I started with Abutilon, white and a rich strawberry colour, which have scrambled up into the trees and are flowering madly, but it all wilted before I could get it into the vase. Instead I picked Rose ‘Abraham Darby’ and Erysimum for scent, Penstemon ‘Hidcote Pink’, a few stems of Sisrinchium, Hydrangeas, Tree Dahlias, and a lot of the bright green chrysanthemums which have aged to an attractive orange – pink shading to green – yellow.

hydrangeas with chrysanthemum cut flowers


The Tree Dahlia was looking amazing, with stems 4 to 5 metres tall and 1.5 inches thick. I had to prune some of them back to save my Pomegranate tree which was being smothered underneath them, and then a wind came last week breaking many and knocking others over. The fallen ones were still flowering, so at least it was possible to cut them. The flowers are simple, like a smallish white cactus type.

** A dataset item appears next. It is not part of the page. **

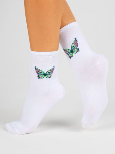 Женские хлопковые носки с люрексом – модный аксессуар в гардеробе. Рисунок бабочки с добавлением люрекса добавит модели оригинальности и блеска. В таких носочках вы точно привлечете к себе внимание. Изделие прекрасно сочетается с разными стилями в одежде и подходит для повседневной носки.

abraham darby rose cut flowersThe English Rose ‘Abraham Darby’ is settling in after its third move in as many years. It is definitely happier in the orange garden, or maybe it’s all the rain this year.

There are one or two new Hydrangea flowers still, maybe these are stems that were pruned earlier in the year, but most of them are doing their graceful disintegration.

cut flowers in vase

Head over to Rambling in the Garden for vases full of summer blooms, or pick some flowers and share.

autumn cut flowers


20 thoughts on “In a Vase on Monday – Abraham Darby and Friends

  1. Amazing that you have Tree Dahlias! Even here in central Italy they rarely grow to flowering because cold weather arrives. Your arrangement seems to say “look! Autumn is coming but it has been an abundant season.”

    1. They do seem to flower much later – all of my normal ones have finished flowering. We had a frost last week as well but it doesn’t seem to have worried it.

  2. I love a vase stuffed full as yours is. A beautiful tapestry of colours and textures. Some plants are so resilient about being moved, it’s amazing. Your rose is gorgeous. I brought loads of plants when we came here and some stayed 6 months in pots after a false start. Most survived and are thriving.

    1. Me too – I am really enjoying this vase. It’s true about plants being moved, they often seem to enjoy it. You must have planted your pots well so that they survived that long in pots.

  3. I have never come across tree dahlias before and it is hard to comprehend what something so tall must look like! It joins a pretty collection of late season blooms in your vase. Looking at Abraham Derby reminds me just how different the petal formation of different roses can be

    1. It looks a little strange, really. I planted it at the bottom of a small bank, but it still towers over the driveway, with these small flowers at the end of the long branches. It didn’t die down to the ground last year, which with the rain is I guess why it is so big.
      Abraham Darby is to me a perfect old fashioned looking rose, and those buds have opened up just stunningly. It’s a nice fruity scent.

  4. The Hydrangea skeleton is a wonderful addition! I’ve been tempted to try growing a tree dahlia. There’s a mail order nursery in Northern California that offers the plants but they warn to protect it from high winds and those are a persistent problem in my area of coastal Southern California.

    1. I got mine online, the tuber is just like a normal dahlia. I’m going to move it when it has finished, although I’m not sure where. We have a lot of wind as well, and it comes from all directions so it’s hard to make a sheltered sunny spot.

  5. A beautiful and bountiful bouquet, Cath! I have never heard of a tree dahlia either, and it must look quite amazing at such a height! I love the Hydrangeas at their different stages – very effective.